Mitsinjo : Slam addict !
10 novembre 2024 // Littérature // 5434 vues // Nc : 178

Mitsinjo, un nom qui évoque l'anticipation, est une jeune poétesse et slameuse malgache dont la plume et la voix ne laissent personne indifférent. Étudiante et passionnée d'art oratoire, elle utilise le slam comme un moyen de sensibiliser et d'éveiller les consciences à travers des textes bruts et percutants.

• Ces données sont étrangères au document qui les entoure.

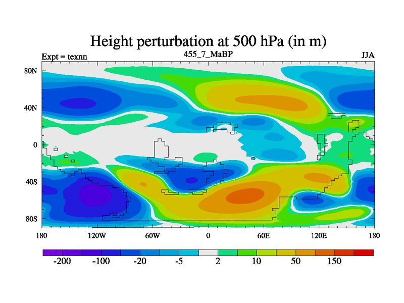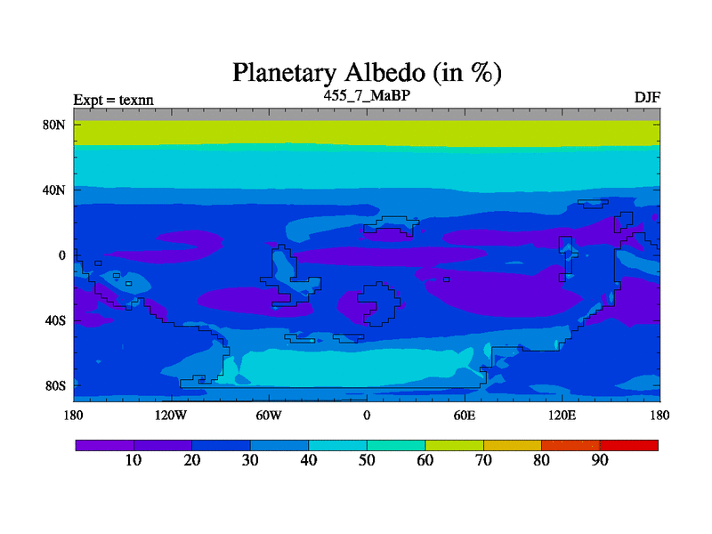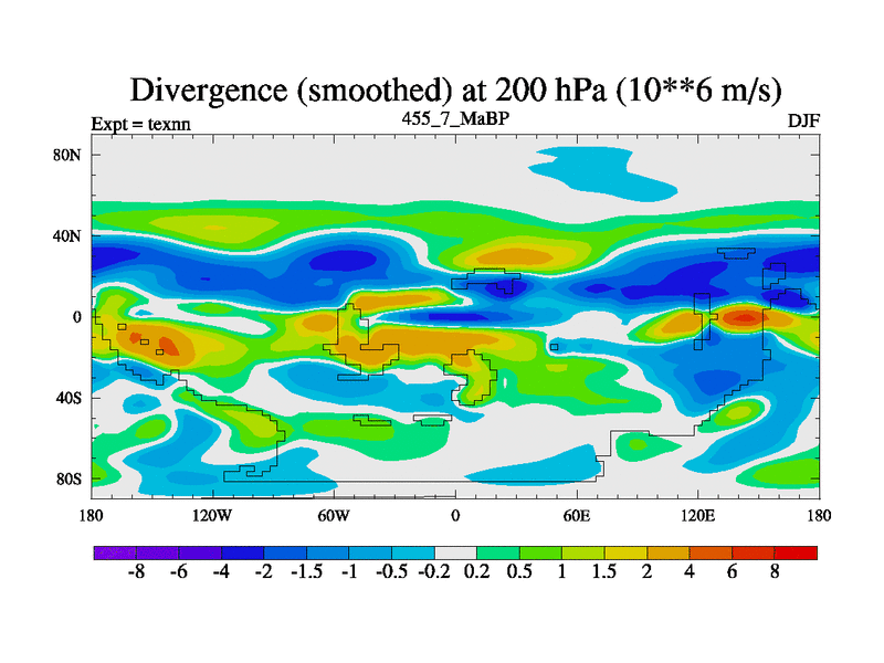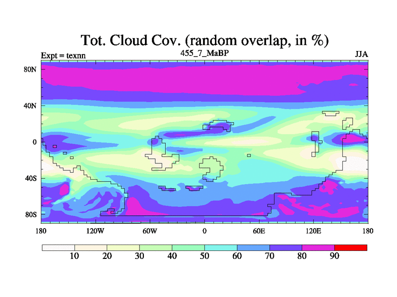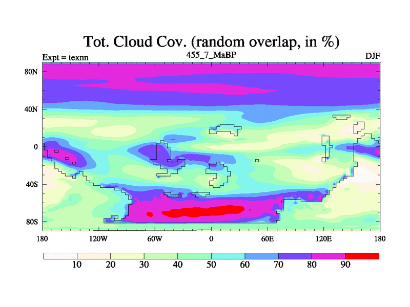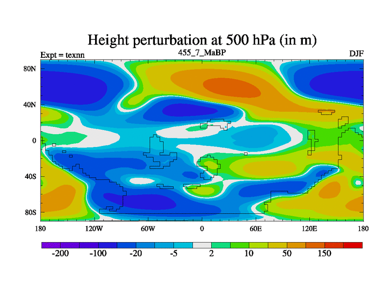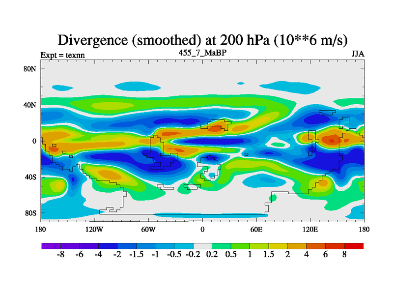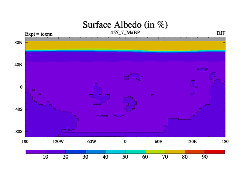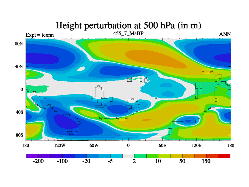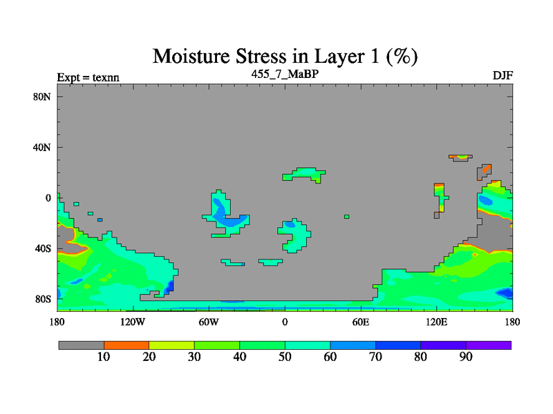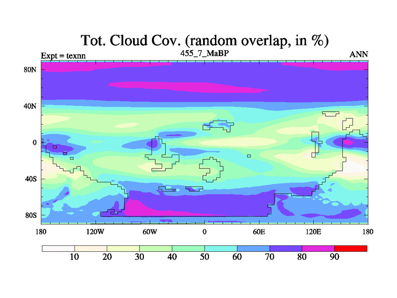 This is the 455.7 Ma simulation using the Scotese palaeogeographies. High output extension of the 5000 year spinup.
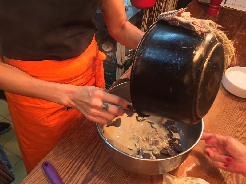 La clase no es unidireccional sino que se convierte en una gran conversación en la que todos ponen «las manos en la masa» en distintas estaciones de trabajo distribuidas por la propia cocina del restaurante y Paula solamente dirige al grupo.
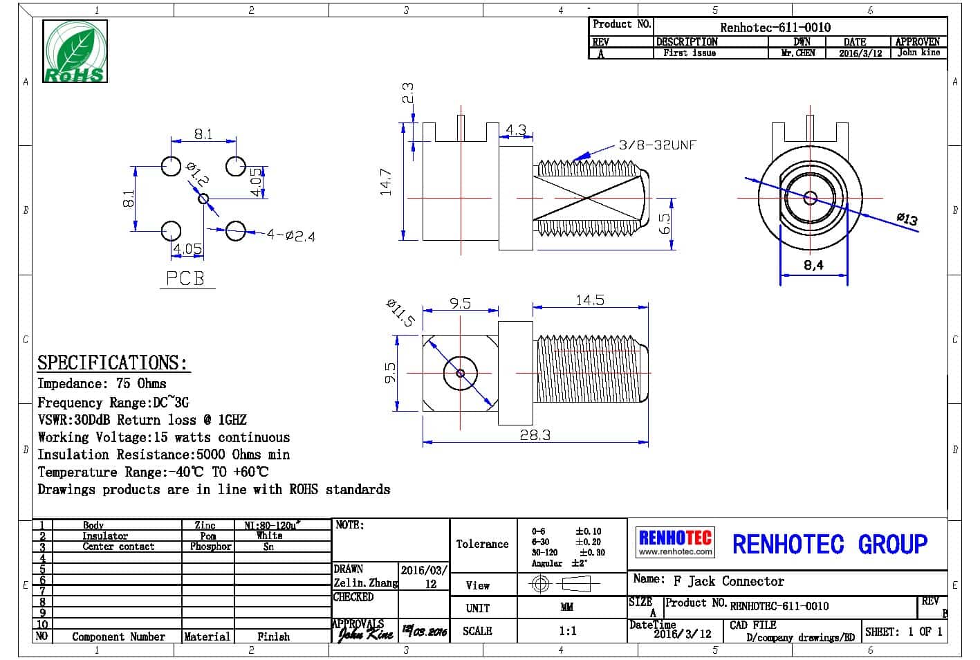 - 中心接触电阻: ≦ 10 mΩ (Milliohms max.)
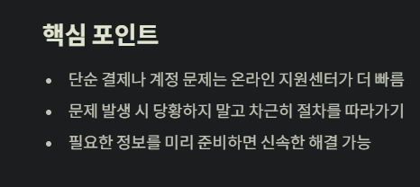 이번 글을 정리하면서, 단순한 결제나 계정 문제는 온라인 지원센터가 훨씬 빠르다는 점을 다시 느꼈습니다.
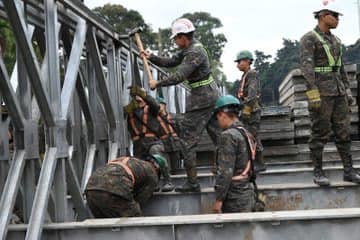 Este domibgo el cuerpo de ingenieros del Ejército continuaron con los trabajos de desmontaje del puente temporal en el kilómetro 17.5 ruta CA-9 Sur, al Pacífico, en Villa Nueva.
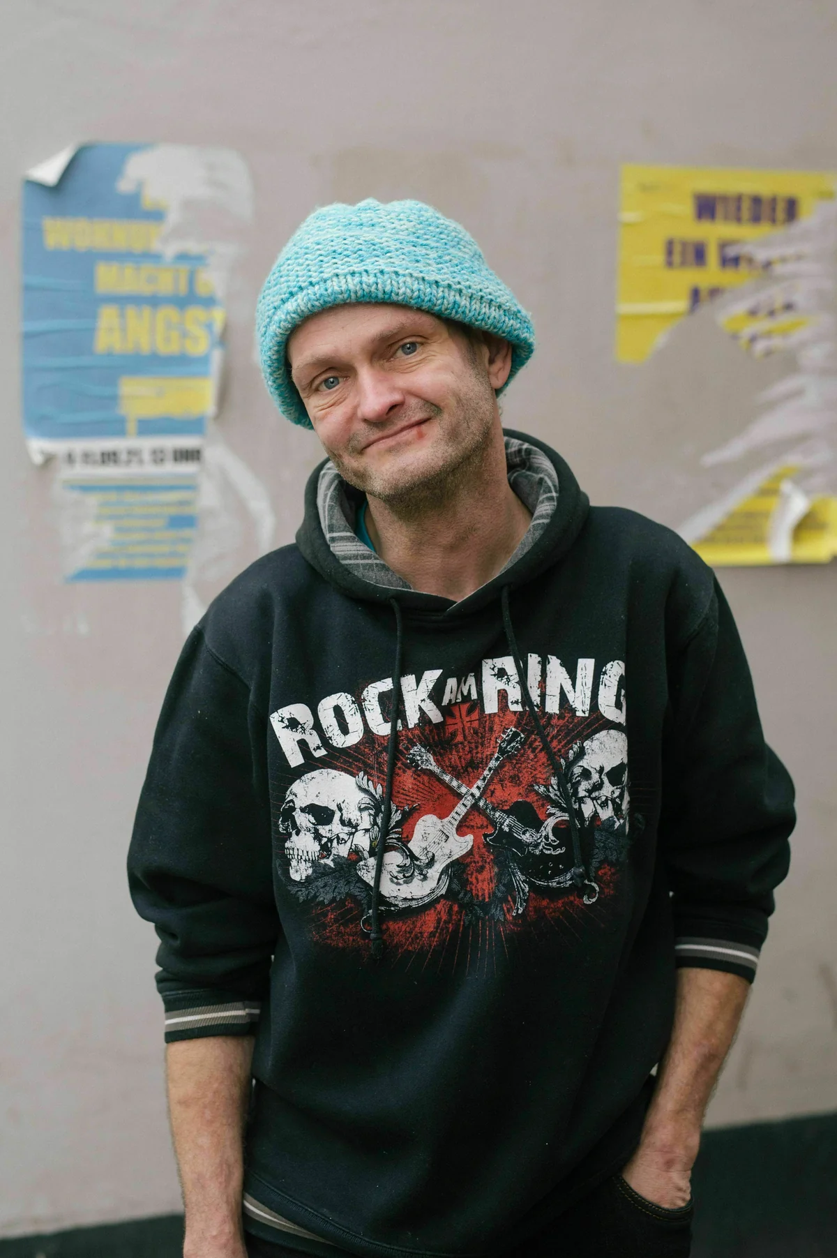 Einer der Männer heißt Stefan Lutze. Er trägt eine türkisfarbene Wollmütze auf dem Kopf und einen Hoodie von „Rock am Ring“. Momentan sei er wohnungslos, arbeite als Fensterputzer und komme in der Notschlafstelle „Alter Flughafen“ unter, erzählt er. Wegen seiner Arbeit habe er sich für eine Impfung entscheiden müssen, sagt Lutze. Außerdem sei er Diabetiker und deswegen besonders gefährdet.
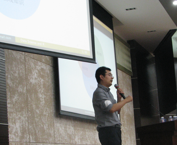 第一场报告由李舰主讲,李舰先生的分享内容环环相扣,从分析数据科学与统计学、机器学习、计算机科学、数据挖掘等学科之间的区别和联系,进而对数据科学提出严谨定义,再到讨论数据科学与R语言的关联,让我们逐步了解了数据科学家这份“最性感的职业”。然后以新药开发为例,通过药动力学、药效学的实际例子,介绍了R的应用。报告最后,李舰先生也提出了成为数据科学家需具备的一些技能和知识,鼓励同学们学好相关技能,从事数据科学这门新兴学科。
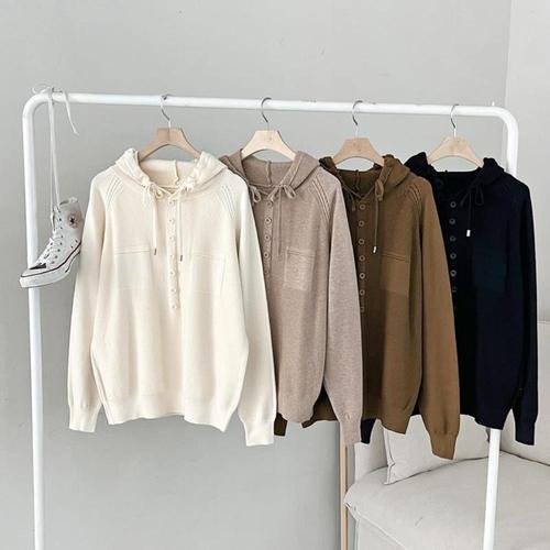 [옷자락] [시즌오프]라글란 골지 크림색 가을 캐쥬얼 후드니트 티셔츠_5
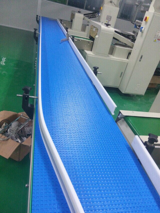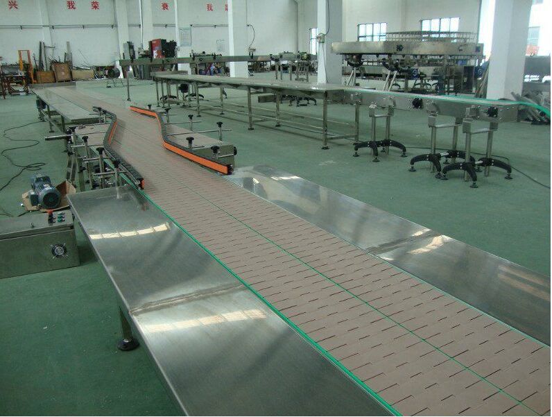 傳進牌鏈板流水線是在鏈式輸送機的兩側(cè)鏈條間加入板式構(gòu)件,以達到輸送形態(tài)不規(guī)則的物品。在鏈板上加裝專用工裝夾具。并根據(jù)工控要求可作為裝配線,或直接采用塑鋼平頂鏈式作為輸送載體。可實現(xiàn)彎道輸送。

Sur scène, Mitsinjo aborde des thèmes variés. Bien qu'elle explore parfois des sujets personnels, elle choisit de ne pas les partager en direct lorsqu’ils sont trop chargés d'émotions. « Quand cela me procure trop d'émotions, je préfère le publier sur ma page Facebook, mais jamais sur scène. J’y apporte plutôt un personnage », explique-t-elle. Ses textes touchent à des sujets universels comme l'amour, mais elle préfère les textes agressifs, ceux qui conscientisent et sensibilisent sur les problèmes sociaux. « L’émotion qui m’inspire le plus est la colère. Je m’exprime dans mes textes, et je prends vraiment le temps de travailler dessus en jouant avec les figures de style. » Pour Mitsinjo, l’inspiration se divise en deux parties. Parfois, elle arrive spontanément, la réveillant même en pleine nuit, et elle se met à écrire tout ce qui lui traverse l’esprit. D’autres fois, un thème lui est imposé et elle doit alors prendre le temps de trouver la meilleure manière de l’aborder, en travaillant méticuleusement sur les figures de style. Elle jongle entre le français et le malgache, chaque langue apportant une nuance différente à ses œuvres : « Il y a des textes très psycho où je suis à l’aise avec le français. Mais pour d’autres, la langue malgache s’impose naturellement. »

En effet, c'est en 2022 que Mitsinjo fait ses débuts sur scène lors d'une performance au CRAAM à Ankatso. Ce moment marque le début de son aventure dans le slam-poésie, bien que l’écriture a toujours été présent. Depuis 2015, elle remplissait des carnets de pensées et de poèmes, notamment pour sa mère lors des fêtes. Mais c'est en rencontrant une amie partageant la même admiration pour le célèbre slameur Épistolier, qu'elle découvre véritablement l'univers du slam. « Elle m’a parlé de ce monde, et je l’ai convaincue de m’emmener avec elle à une scène ouverte. En juillet 2022, j’ai décidé de monter sur scène parce que je trouvais ça trop bien ! » Sa première prestation fut stressante, mais malgré cela, elle a su faire face et s'en sortir avec brio. Depuis ce jour, elle ne s'est plus arrêtée. « C'est devenu comme une drogue », confie-t-elle. Toujours active, Mitsinjo participe aux scènes ouvertes organisées par Madagaslam dans des lieux emblématiques d'Antananarivo comme l'IFM, le CGM, ou encore l'AFT. Elle s’essaie également aux tournois, continuant de perfectionner son art tout en apprenant de chaque expérience.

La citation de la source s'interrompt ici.